It is the same labor to take the gauges out to wrap/repair. I've done it once and it wasn't too difficult. For $225, you will love the new look whatever pattern you decide on.
 
It is the same labor to take the gauges out to wrap/repair. I've done it once and it wasn't too difficult. For $225, you will love the new look whatever pattern you decide on.

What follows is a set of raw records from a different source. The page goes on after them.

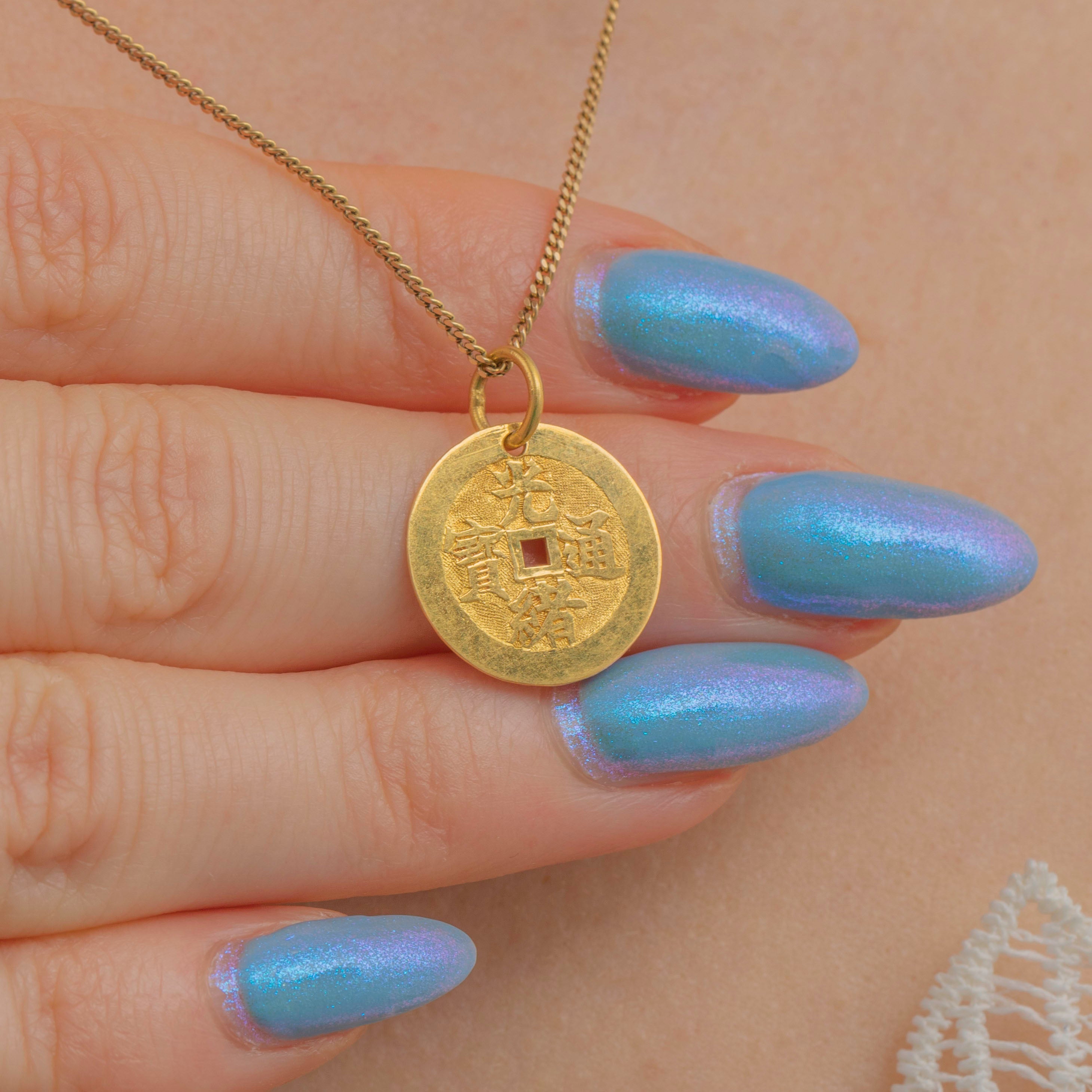 Featuring a Chinese script lettering design, which was often used to represent financial prosperity, good fortune, or blessings, making this piece the perfect lucky talisman. The square hole in the centre would historically have been used to string coins together, to be worn as charms for protection and good luck.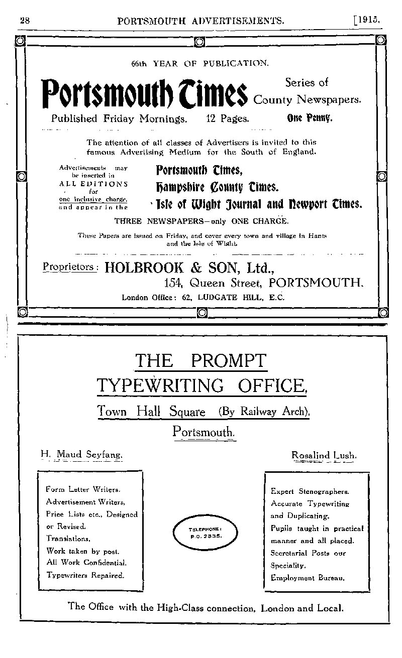Page 28 Advertisements for the Portsmouth Times, and The Prompt Typewriting Office, Portsmouth.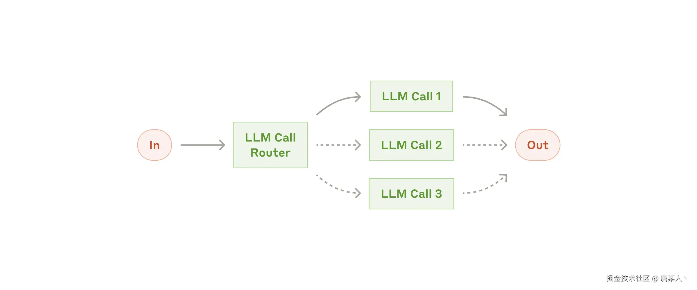 - 路由模式(Routing):根据条件判断,将任务路由到不同的LLM节点执行。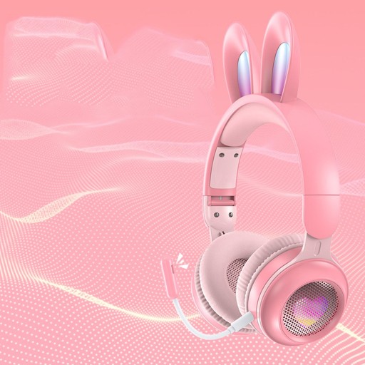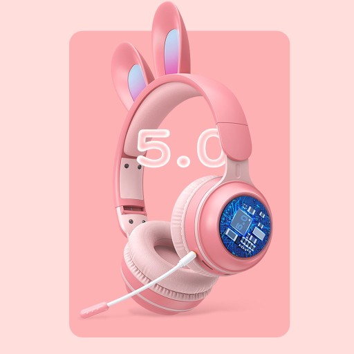 Складные беспроводные наушники с подсветкой RGB, розовые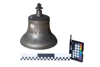 Campana in bronzo con inciso "CONTE BIANCAMANO"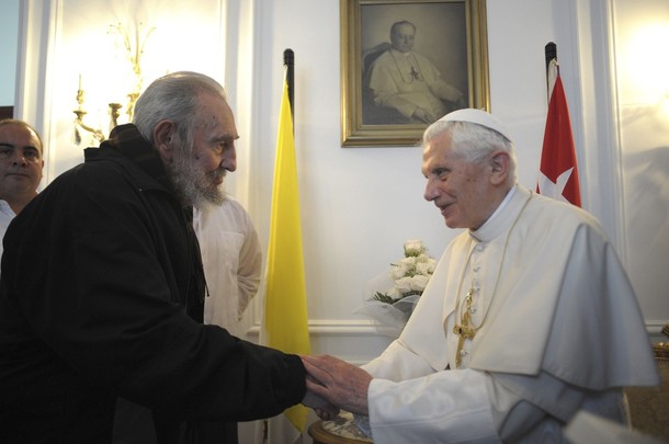 Fidel agradeció al Papa por las beatificaciones de la Madre Teresa, benefactora de Cuba, por la cual él tenía veneración y gratitud, y la de Juan Pablo II, el primer Papa en visitar Cuba, en 1998 (Castro ya se había encontrado con él, en el Vaticano, en 1996). Benedicto XVI llegó en torno a las 12.30 y – refiere el Padre Lombardi – “el encuentro se inició con mucha cordialidad. El Papa habló de su alegría de estar en Cuba y de la cordialidad con la cual fue acogido. Fidel dijo que había seguido todo el viaje por la televisión”. Y luego otra pregunta, sobre los cambios de la liturgia en la Iglesia, que Castro ve distinta de cuando él era joven.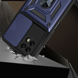 Case for Realme C21, CamShield Slide, blue case with stand option and magnetic finger grip. The case is made of high-quality materials, is fully functional and provides solid protection for your device. The cap is made of plastic and flexible hardened TPU rubber. The back has a practical metal finger grip that can be used as an attachment to a car magnetic mount. The case has reinforced corners and edges, solidly protecting the phone from damage. An additional frame protects the sides and corners of the smartphone and effectively insulates the screen from the surfaces on which it lies. The case fits the specific model of the device, has the necessary cutouts and buttons, and is fully functional.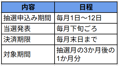 少しでも早く行きたい方は、初回抽選だけでなく4月分以降にも連続応募するのが安心です。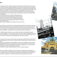 process: images taken of tourist locations, interviews conducted w/ train users, semiotics/symbolism of pictograms developed, 2D vector / 3D pixel maps created, touch-screen machine interface designed
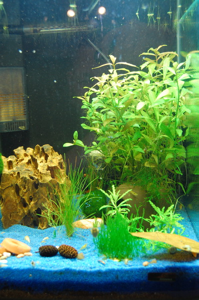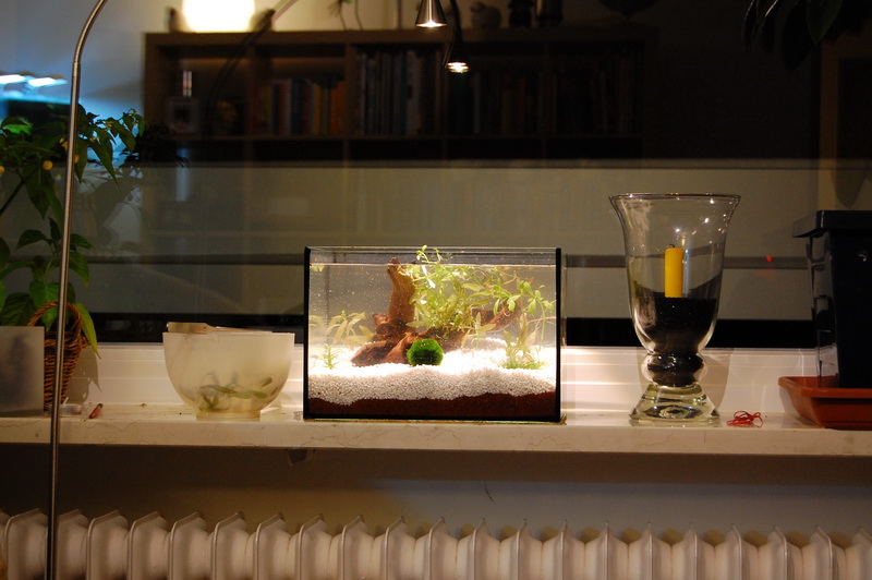 Also „rumgucken“ im Zooladen. Leider fand ich nicht auf Anhieb etwas sinnvolles ((zumal ich nicht wusste, wonach ich eigentlich suche)) und habe ein 10 Liter Becken und Bodengrund nebst Kies gekauft. Wozu? Keine Ahnung. Gefiel mir einfach. Da stand ich also wieder im Wohnzimmer und raetselte, wie die Wasserwerte stabil gehalten werden koennen und vielleicht auch das Pflanzenwachstum angeregt werden kann.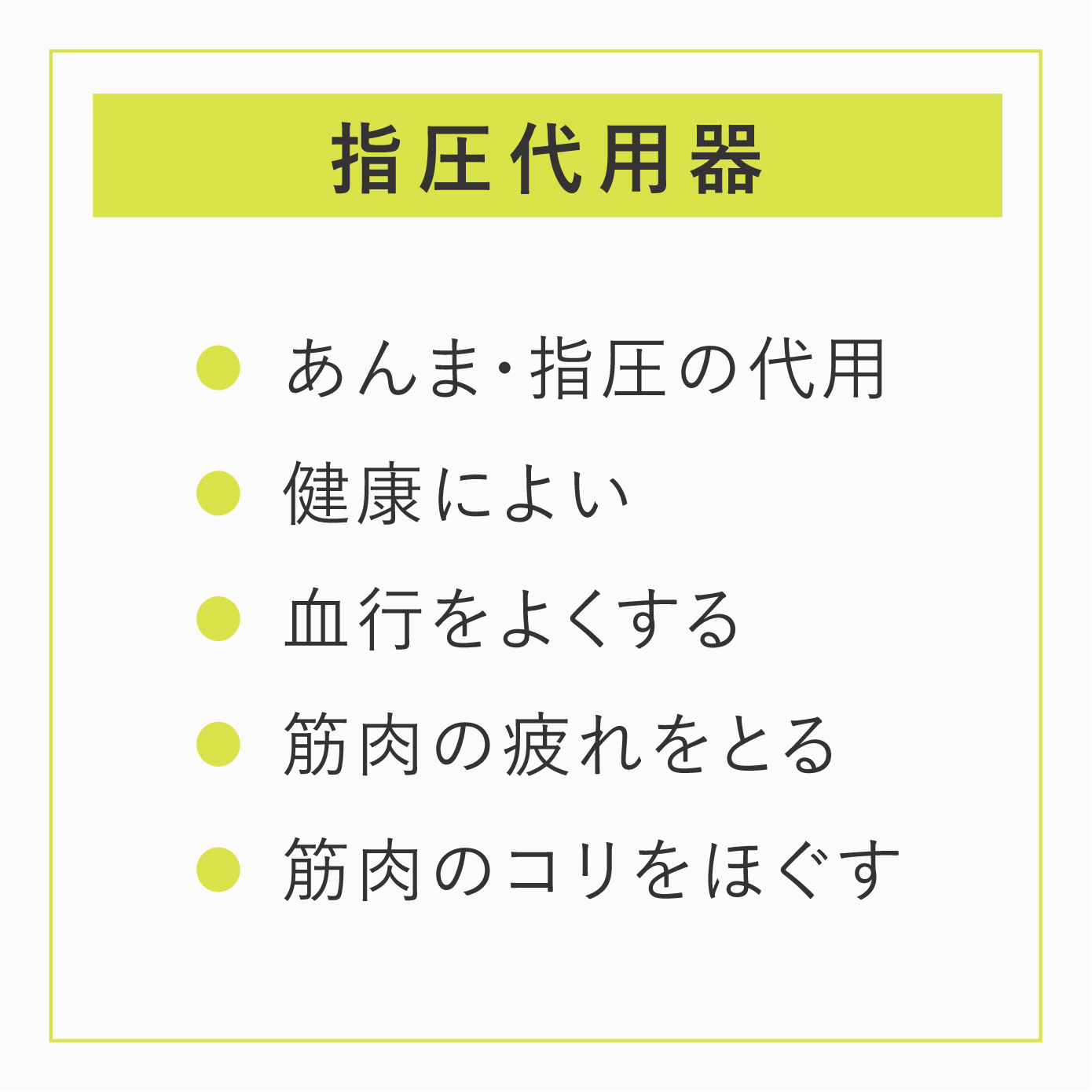 ・あんま、指圧の代用 ・健康によい ・血行をよくする ・筋肉の疲れをとる ・筋肉のコリをほぐす |

What was your R&R process for the gauges and switches, just label the wires and take some pictures? That's the part that has me thinking, there's a lot going on back there
 
I did my '95 300 DA and I had a good amount of slack in the wire looms after cutting a couple zips ties. I ended up doing a couple gauges at a time right there on the chart table in front of the gauge panel. Took pictures just in case something was off. I would look at changing out your bulbs and backlight tape while in there. I need to do mine in this '98 400 too. Wish there was a way to get condensation out of a gauge, I have a couple that are fogged up too. They work fine just have some fogginess behind the lens. If anyone knows how, please share...
 
I ended up painting mine with a dark black/charcoal-ish speckle paint (had a slight texture to it, also). It sounds funky, but it actually came out pretty good - a nice contrast. I figured I had nothing to lose and could always re-do it again. Use paint-for-plastic for a base coat - then use whatever paint you want on top (if you don't find a p-f-p that you like). Moral of the story... use whatever color you want - if you want to change it, it's just a rattle can away.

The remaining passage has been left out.